For open source specifically, this is existential. The reason people contribute to open source is complicated — reputation, necessity, ideology, craft. But a big part of the substrate is the expectation of reciprocity encoded in licenses. You can use this, but you have to give back. Remove that expectation and you change the incentive structure.
What The Industry Is Not Doing
The correct response to the Chardet situation would be: clear legal precedent establishing that LLM rewrites are derivative works when they demonstrably replicate the logic and structure of the original, rapid tooling to detect such rewrites, and enforcement mechanisms that don’t require individual maintainers to hire lawyers.
None of that is happening. The legal system moves slowly. OSI is focused on AI training set debates, not the derivative-work-via-rewrite question. GitHub and the major AI code generation companies have strong incentives to keep the question unresolved.
The open-source foundations are reactive, underfunded, and structurally unequipped for this. They were built for a world where infringement required a human to read code and copy it.
What Maintainers Should Do Right Now
If you maintain open-source code, especially under a copyleft license, you should:
Document your architectural decisions. The more your code encodes non-obvious design choices, domain knowledge, and explicit reasoning, the harder it is to argue an LLM-generated rewrite is truly independent. Comments aren’t just for humans anymore.
Dual-license strategically. If your project is commercially useful, consider adding a commercial license option. This doesn’t stop laundering but gives you legal standing to pursue it.
Embed identifiers. Some maintainers are starting to embed unique stylistic patterns, deliberately unusual test cases, or watermarking-adjacent techniques in their code. It’s imperfect, but it creates evidence trails.
Watch your dependents. Tools like deps.dev and libraries.io let you monitor who’s depending on your packages. If a suspiciously similar library with a more permissive license appears and starts getting downstream adoption, that’s worth investigating.
The License Layer Is Load-Bearing
Here’s the thing: the open-source ecosystem is genuinely one of humanity’s great collaborative achievements. Linux, Python, PostgreSQL, the web platform itself — these things exist because the license layer created a stable game-theoretic equilibrium where contribution made sense.
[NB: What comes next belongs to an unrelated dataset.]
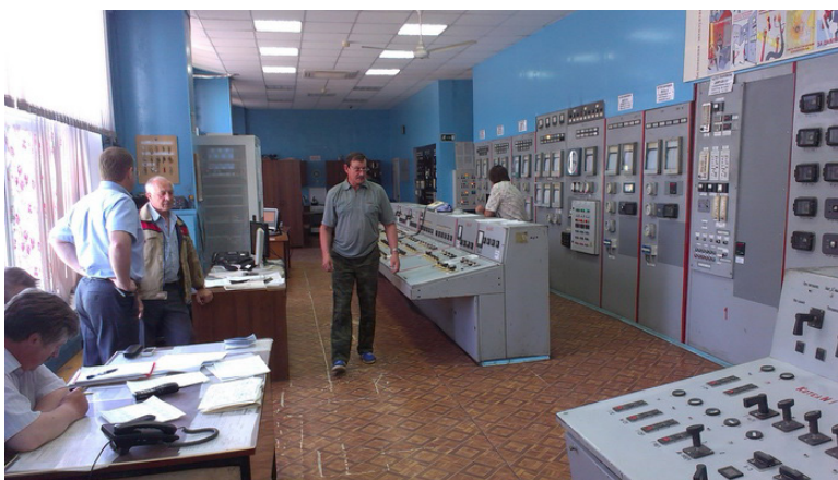
На фото: «командный пункт» МП «Теплоснабжение» доцифровой эпохи.

Руководство Калужской области поставило амбициозную задачу прорыва коммунального хозяйства региона в цифровую экономику. 1 марта в Обнинске заместитель министра строительства и ЖКХ Руслан Маилов подписал соглашение с ООО «Инфосистемы» по оцифровке ЖКХ. Начать решили с Обнинска – столицы Северной агломерации области. Одним из пионеров коммунальной цифровизации объявлено МП «Теплоснабжение».

LLMs are introducing a new player that can free-ride at industrial scale. That player doesn’t have the reputation incentives that keep individual developers honest. It doesn’t respond to social pressure. And it doesn’t need to — the tool is just a tool.
The load-bearing layer is at risk. The Chardet incident is small. The pattern it represents is not.
If the copyleft mechanism breaks down at scale, the long-term consequence isn’t just lost revenue for some maintainers. It’s the systematic draining of the commons — more code produced by fewer people who can afford to not require reciprocity, and the slow collapse of the collaborative ecosystem that made modern software possible.
We need legal clarity, technical tooling, and institutional capacity to detect and challenge automated relicensing. We need it faster than the courts will move.
The industry is not taking this seriously. It should.